ACTION ITEM: Output the whole listing exactly, except for the pictures in it.

===== DATA PROVIDED =====

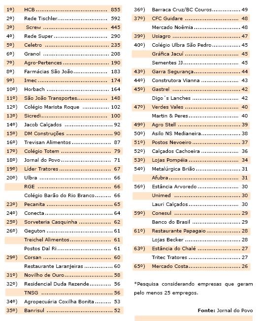 Os grandes empregadores de Cachoeira do Sul, segundo pesquisa elaborada pelo Jornal do Povo.
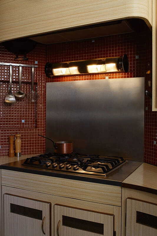 verre borosilicate, bouchons fonte d'aluminium et silicone, colliers inox, mailles laiton, réflecteurs aluminium et inox
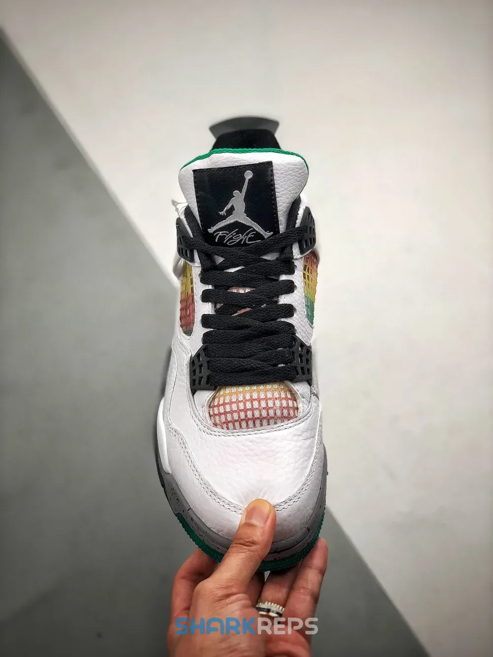 The women’s Air Jordan 4 Retro ‘Rasta’ showcases a gradient blend of red, yellow and green hues on the netting that covers the quarter panel and throat. The rest of the upper is constructed from white tumbled leather, contrasted by black hits on the eyelets, laces and woven tongue tag. A speckled grey finish is applied to the midsole and heel panel, the latter embellished with a Jumpman logo hit. A two-tone green and black outsole provides durable traction underfoot.

=====

RESPONSE BOX:
 Os grandes empregadores de Cachoeira do Sul, segundo pesquisa elaborada pelo Jornal do Povo.
 verre borosilicate, bouchons fonte d'aluminium et silicone, colliers inox, mailles laiton, réflecteurs aluminium et inox
 The women’s Air Jordan 4 Retro ‘Rasta’ showcases a gradient blend of red, yellow and green hues on the netting that covers the quarter panel and throat. The rest of the upper is constructed from white tumbled leather, contrasted by black hits on the eyelets, laces and woven tongue tag. A speckled grey finish is applied to the midsole and heel panel, the latter embellished with a Jumpman logo hit. A two-tone green and black outsole provides durable traction underfoot.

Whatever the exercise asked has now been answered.